Is More Always a Good Thing?
In autumn 2021, 10 different startup support programs happened in Albania simultaneously. We have analyzed whether more programs are a good thing in this case.
In the autumn of 2021, something extraordinary happened in the entrepreneurial ecosystem in Albania: ten different startup support programs were rolled out simultaneously.
Only three years ago, we were happy to report on one of the first-ever acceleration programs happening in Albania: the Uplift program. The program's first cohort started in September 2019 and culminated with the big Demo Day in January 2020. The significance of this program was massive. It completely changed the paradigm for all ecosystem actors willing to support startups in a meaningful way, setting the bar very high.
Now, only three years later, we're facing an entirely different landscape in the Albanian entrepreneurial ecosystem. Not just one or two, but ten different startup support programs are happening at the same time.
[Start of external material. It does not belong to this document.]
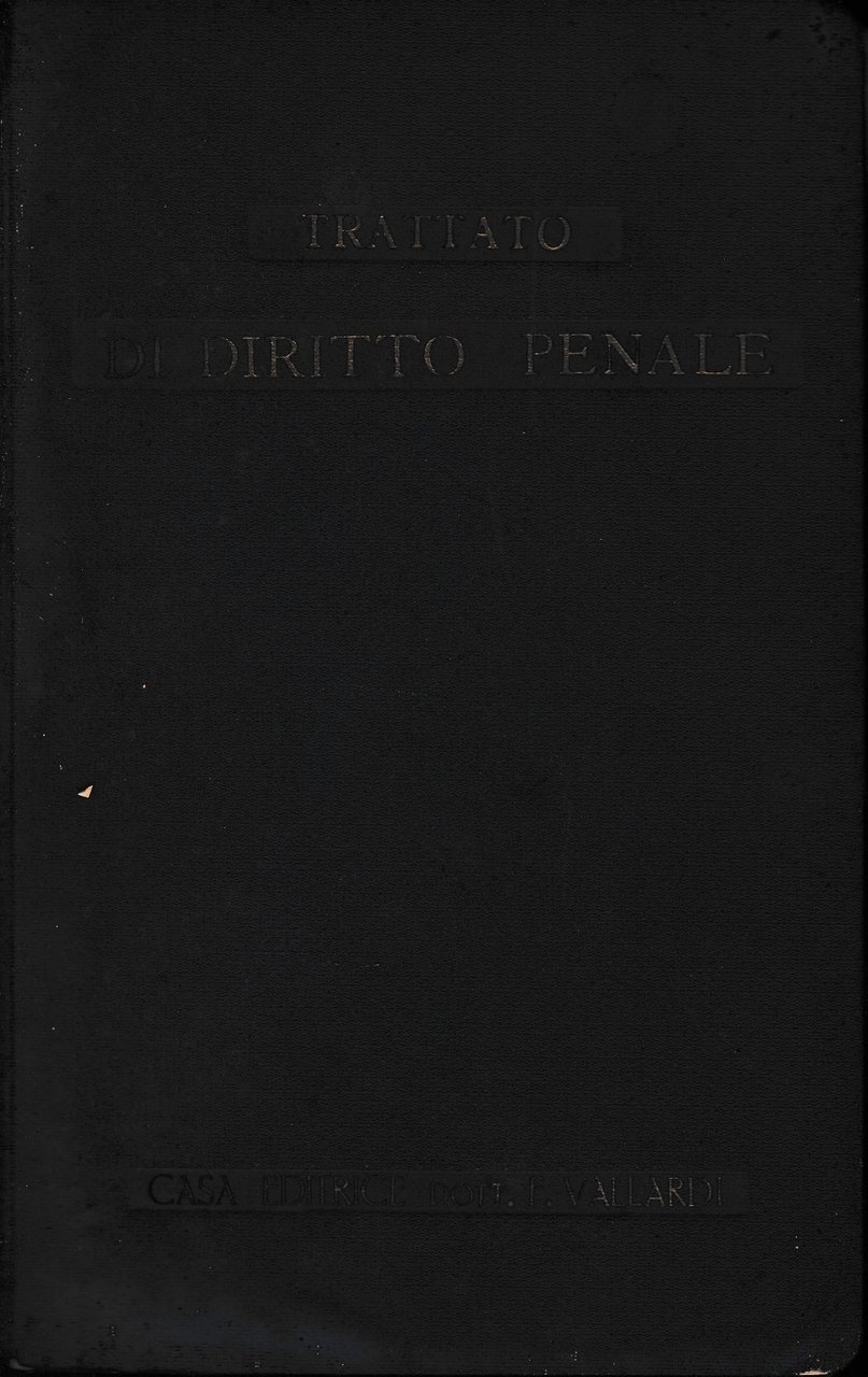 Copertina in plastica uso tela, sporca, con titolo in oro al dorso (ossidato) e piatto, dorso usurato con strappo lungo le cerniere. Tagli e pagine ingialliti, con gore da umidità ad alcune pagine. Collana: “Trattato di diritto penale". LIII+672 Mediocre (Poor) .

Such a development can be interpreted in many different ways. Still, for us at Swiss EP, with a development mission to facilitate the strengthening of emerging entrepreneurial ecosystems, this situation can mean only one thing: Albania's entrepreneurial ecosystem is growing rapidly.
But is such rapid growth a good thing? Let's consider some facts.
1. Most of the programs are addressing needs of idea-stage startups
The large majority of programs addressed the needs of entrepreneurs in the awareness, idea- and very early-stage of their development. Such teams are fairly easy to locate and support. While anyone with the business idea can start the program, only a few graduates will be qualified to continue developing their businesses to more relevant phases. In fact, the large majority of them will fail, according to global statistics.
Programs working in this area are:
- Tirana Inc program—for university students implemented by 6 Albanian universities with the support of Preneurz Amsterdam,
- JUP—by Junior Achievement Albania for high school students,
- IDEA Albania—an entrepreneurship program,
- Flexible Startup Support—set in the city of Durres and implemented by Oficina and Innovation Nest,
- Mindspace University-Balkan Ties—program by The Ivanaj Foundation also with a focus on university students, and
- Rise an entrepreneurship—training program by Yunus Social Business.
Still, the consistent existence of such programs is crucial for building a sustainable entrepreneurial ecosystem. They provide a constant flow of new founders and startups who can move on to the following stages of the entrepreneurial journey.
2. Tailor-made support for scaling startups
Startups who make their ideas into a reality and make it to find their way to the market are the ones who can scale in many different aspects. Some of the programs happening in Albania in autumn 2021 address their needs, offering education and funding at the end of the process.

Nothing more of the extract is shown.